Geoffrey of Monmouth (Latin Galfridus Monemutensis, d. c. 1155) was a writer and cleric best known for his Historia Regum Britanniae ("History of the Kings of Britain"), an imaginative and often fanciful account of the kings of Britain from its foundation by Brutus, great-grandson of the Trojan hero Aeneas, the legendary ancestor of the Romans, to Cadwaladr, a 7th century king of the Welsh kingdom of Gwynedd, and including an early and influential account of the reign of King Arthur.
Judging by his name, Geoffrey was born, or at least brought up, in Monmouthshire in south Wales. Later tradition names his father as Arthur. His signature appears on six charters connected with religious foundations in the Oxford area dated between 1129 and 1151, two of which bear the title magister (master, teacher). He may have been an Augustinian canon of the secular college of St. George's, where Archdeacon Walter was Provost, during much of this time. It was during his time at Oxford he produced his literary work.
In 1151 he became Bishop Elect of St. Asaph in north Wales. He was ordained as a priest in February 1152, and was consecrated by Archbishop Theobald at Lambeth a week later. He was one of the bishops who witnessed the 1153 Treaty of Westminster between King Stephen and Henry Fitz-Empress. He died, according to the Welsh Chronicles, in 1155, apparently never having visited his diocese.
Geoffrey's first work was apparently the Prophetiae Merlini ("Prophesies of Merlin"), which he claimed to have translated into Latin at the request of Alexander, Bishop of Lincoln. These prophesies, and the dedication to Bishop Alexander, were later incorporated into a longer work, the Historia Regum Britanniae, which he finished c. 1136.
The Historia also claims to be a translation, from "a certain very ancient book in the British language" given to Geoffrey by Walter, Archdeacon of Oxford, but few scholars take this seriously, or at least at face value. Geoffrey probably drew on Welsh sources now lost, but much of his material can be identifiably traced to Latin sources such as Gildas, Bede and the 9th century Historia Brittonum. Several Middle Welsh versions of the Historia exist, but all are later than Geoffrey and are considered translations or adaptations of his work.
The Historia begins with the foundation of Britain by the Trojan exile Brutus, takes in the earliest known source of Shakespeare's story of King Lear and his three daughters, the sack of Rome by Belinus and Brennius (based on the historical sack of Rome by a Gaul named Brennus in 390 BC), garbled accounts of the Roman invasions by Julius Caesar and Claudius and the Carausian Revolt, the departure of the Romans, the rise of Vortigern and the coming of the Saxons. The reign of Arthur is related in detail, almost taking over the work, which concludes with the decline of the Britons and the final victory of the Saxons.
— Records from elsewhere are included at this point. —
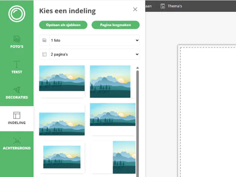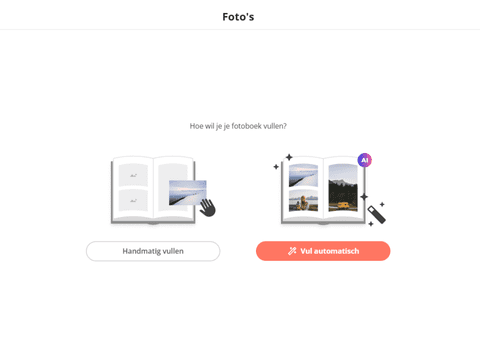 - Automatisch invullen: Laat de Editor automatisch foto's op de pagina plaatsen. Extra handig als je veel foto's hebt.
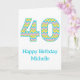 Una tarjeta de cumpleaños luminosa y alegre para un cumpleaños histórico. La parte delantera de la tarjeta muestra el número 40 en un patrón de chevron audaz y moderno. El diseño tiene una paleta de colores alegre y alegre de azul turquesa, rosa, verde y amarillo. Hay un mensaje de feliz cumpleaños junto con el nombre del destinatario que hace que la tarjeta sea especial y única. El mensaje interior dice "¡Es hora de celebrar! ¡Feliz 40 cumpleaños!". Esta tarjeta es la manera perfecta de marcar un cumpleaños histórico.
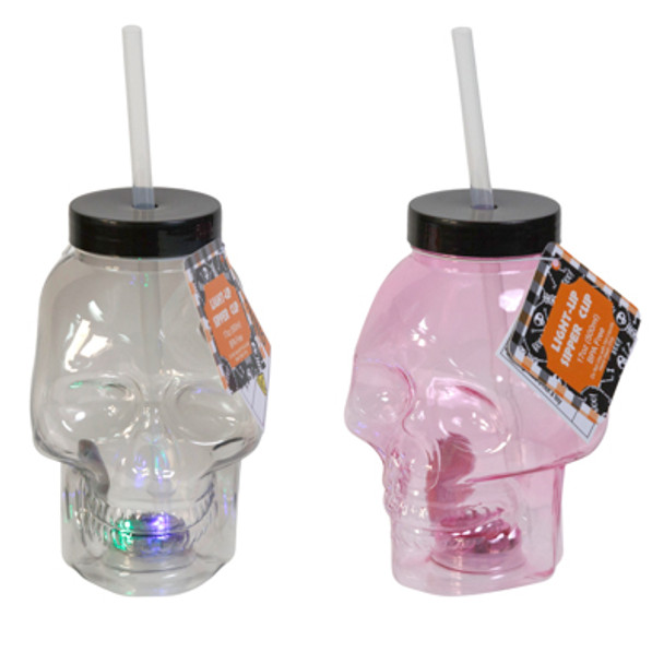 SKULL HEAD SIPPER CUP W/STRAW LIGHT-UP 3-FUNCTION PLASTIC 2AST COLORS 17OZ
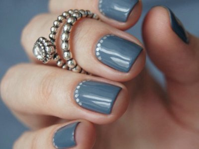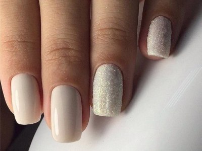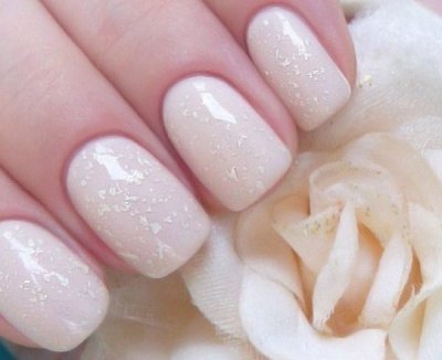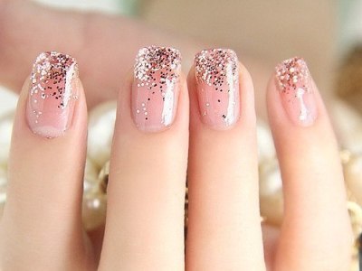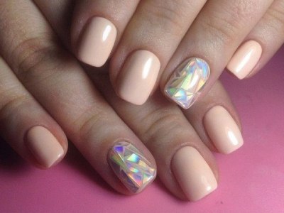 Слова зворушливої пісні Анни Герман самі приходять на думку при вигляді ніжного манікюру з блискітками і шиммерами. Блискітки на кінчиках пальців нададуть вам загадкове мерехтіння. У такому арте також необхідно триматися в рамках, тому вибирайте блиски спокійних відтінків і не надто великі, покривайте ними цілком тільки один пальчик. Невеликий блискучий акцент не дасть перейти нейл-арту в розряд надміру вигадливих або позбавлених смаку. Блискуча дзеркальна посмішка манікюрної фольги не буде зайвою і у френчі.
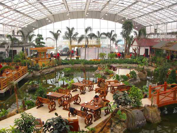 生態餐廳:生態餐廳又稱“綠色餐廳”,是現代都市倡導的一種新的休閑理念,是近年來人們對健康飲食的追求和對田園風光的向往而興起的一種新型餐飲形式。與傳統餐廳的功能相比,生態餐廳更加注重人與自然的和諧,人與環境的綠色平衡,是通過現代化智能溫室和原生態自然景觀的有機融合,營造一種綠色、健康的就餐環境;并通過溫度、濕度的控制,達到室內四季如春。
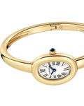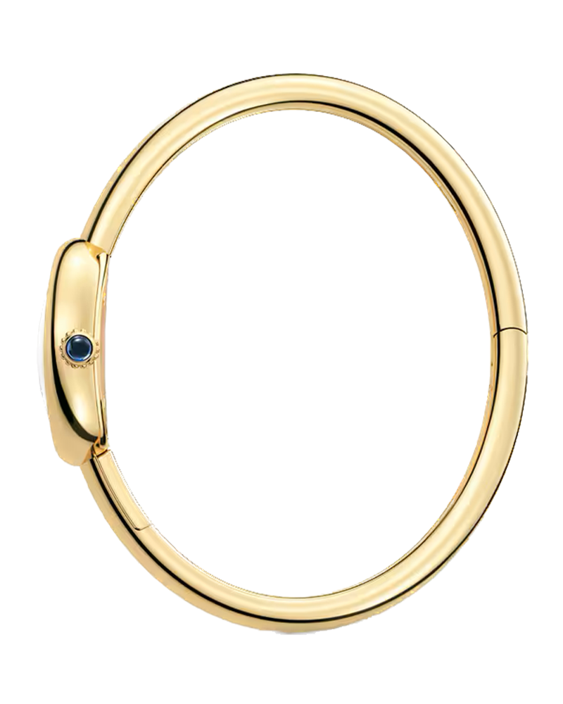 Baignoire de Cartier watch, mini model, size 15, quartz movement. 18K yellow gold (750/1000) case. 18K yellow gold (750/1000) beaded crown set with a sapphire cabochon. 18K yellow gold (750/1000) rigid bracelet. Silvered dial, blued-steel sword-shaped hands, sapphire crystal. Length: 24.6 mm, width: 18.7 mm, thickness: 7.2 mm. Water-resistant up to 3 bar (approx. 30 meters).
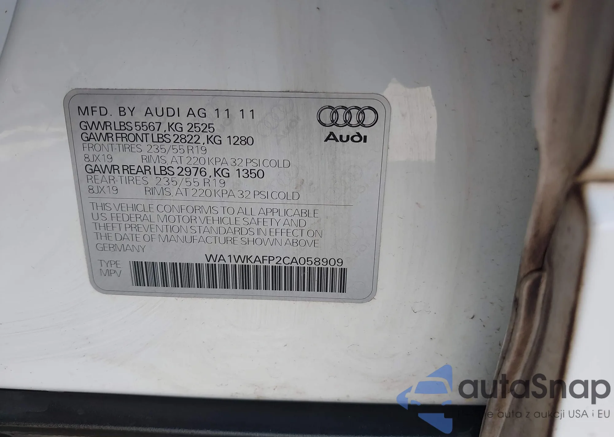 • VIN WA1WKAFP2CA058909
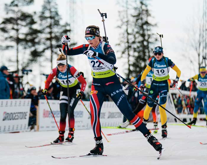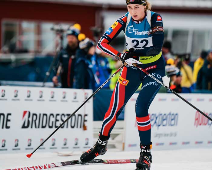 Sesongen 24/25 ble veldig bra for Stine, hun nådde til og med sitt største mål i år med å gå helt til topps i junior-VM i Østersund.
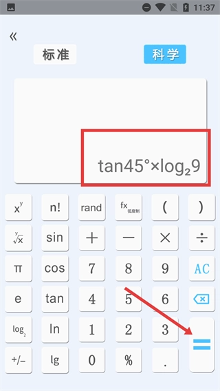 在科学计算器的操作界面中,输入需要进行运算的数学式子,像“tan45°×log₂9”这样的例子就可以。
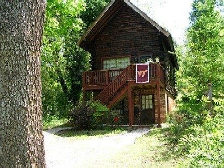 Beautiful three bedroom log home in park like setting . The first floor has a large bedroom with a private entrance and a deck with an outside storage closet. This floor also has a full bath, a potential kitchenette {space finished but no cabinets yet installed} ; a closet and a large laundry/storage area. The second floor has a covered front porch; a den with hardwood flooring and a partial cathedral ceiling; a large full bath; and nice sized kitchen with ample cabinets and a dining area. The kitchen opens onto a delightful screened porch that looks out onto a landscaped backyard with a garden swing. The third floor has a large bedroom with pine flooring and a sleeping loft that works well as an office. Each floor has its own high efficiency heating/cooling system which allows for separate temperature settings in each area. New high efficiency windows recently installed. This home is set back from the street with ample parking. It is across the street from a park and is a short hike/bike ride to the Downtown Mall and McIntire Park .It is connected for Ting Internet. It has quick access to the interstate and to Rt. 29 north of town. No smoking. Available September 1,2021
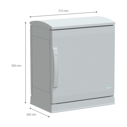 Schneider Electric Thalassa PLA enclosure (Original NSYPLAZT553G) is a floor-standing enclosure made of polyester reinforced with fiberglass. It features a solid front door with reversible 180° opening and a 2-point handle lock. The enclosure has front, rear, top, and bottom accessibility for operation. With dimensions of 19.69" x 19.69" x 19.69" (500mm x 500mm x 500mm) and a depth of 12.60" (320mm), it offers ample space for equipment. It has Class II electrical insulation, IK10 degree of protection against impact, and fire resistance of 1760°F (960°C).
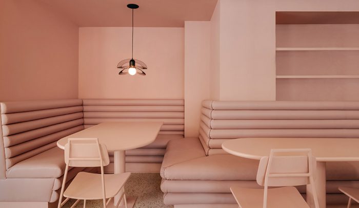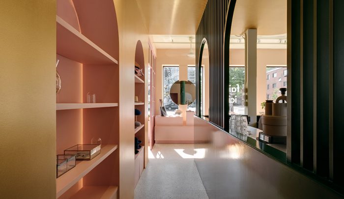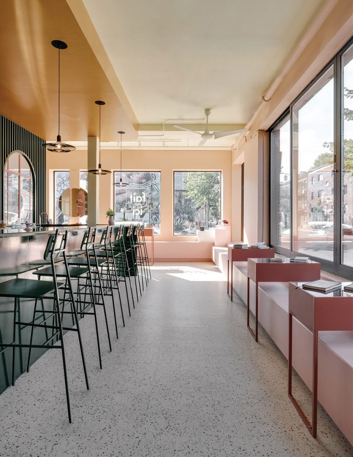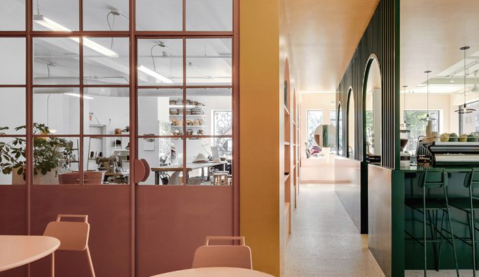 Drenched in sunlight thanks to two walls of street-facing windows, Montreal’s Pastel Rita, a hybrid artisanal workshop-boutique-coffee shop designed by local firm Appareil Architecture, reflects the creative energy of the Mile End neighbourhood. The large windows allow passers-by a peek within, where rich jewel tones and unique architectural detailing draw them inside for a closer look.
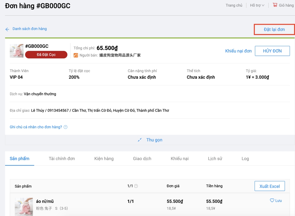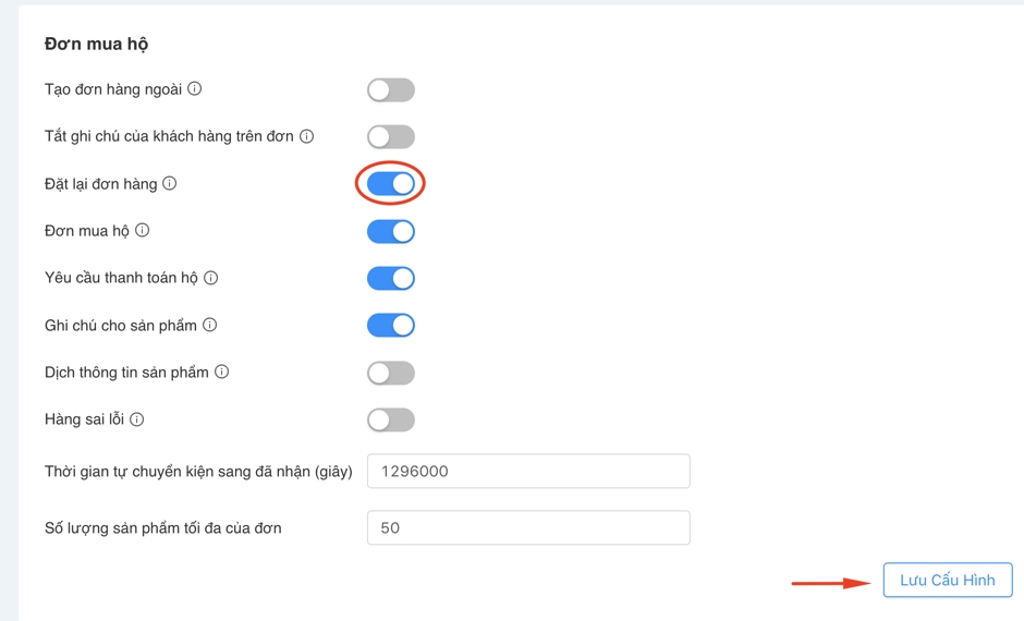 Khi chọn BẬT và Lưu cấu hình, tại giao diện chi tiết đơn hàng sẽ xuất hiện button Đặt lại đơn
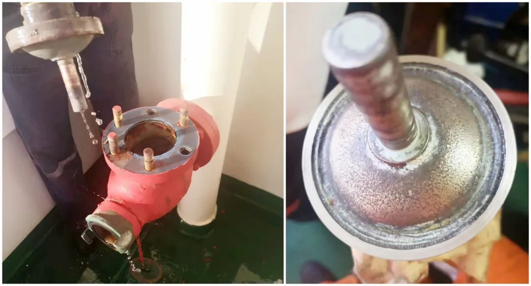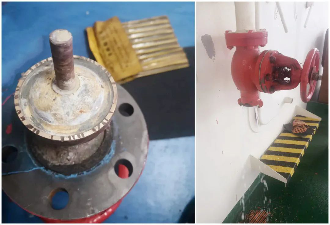 在“江遠廣州”輪上,好幾個消防栓漏水,三副懷疑消防栓的閥芯結了垢,打算拆開消防栓,給閥芯清潔清潔。他想象中的可能情況是閥芯的兩個接觸面上生了海蠣子或者附著了什么堅硬的東西,導致閥芯關不嚴漏水。只要清除掉這些臟東西,消防栓就能完好如初。

As history it is virtually worthless, but does contain surprising nuggets of truth. For example, he tells of how a Roman legion was decapitated at London, their heads thrown into a river called the Gallobroc: in the 1860s a large number of human skulls, and almost no other bones, were found in the river Walbrook in London in excavations led by General Augustus Pitt-Rivers.
In c. 1148 Geoffrey wrote a third work, the Vita Merlini ("Life of Merlin"), written in Latin verse.
More than 200 manuscripts of the Historia Regum Britanniae are known, making it the medieval equivalent of a bestseller. The earliest comments on it are critical. William of Newburgh wrote c. 1190 that "whatever Geoffrey has written, subsequent to Vortigern, either of Arthur, or his successors, or predecessors, is a fiction, invented either by himself or by others, and promulgated either through an unchecked propensity to falsehood, or a desire to please the Britons".[1] Giraldus Cambrensis wrote c. 1191 of a man possessed by demons:
"If the evil spirits oppressed him too much, the Gospel of St. John was placed on his bosom, when, like birds, they immediately vanished; but when that book was removed, and the History of the Britons, by Geoffrey Arthur, was substituted in its place, they instantly reappeared in greater numbers, and remained a longer time than usual on his body and on the book."[2]
Despite these damning verdicts, Geoffrey's work was extremely influential in the medieval and Renaissance periods, as both a historical and a literary work. It was translated into Norman French verse by Wace (the Roman de Brut) in 1155; into Middle English verse by Layamon (the Brut) in the early 13th century; and into three different Welsh prose versions by the end of the 13th century. The Arthurian section undoubtedly influenced the development of Arthurian literature on the continent, including the Lais of Marie de France and the romances of Chrétien de Troyes.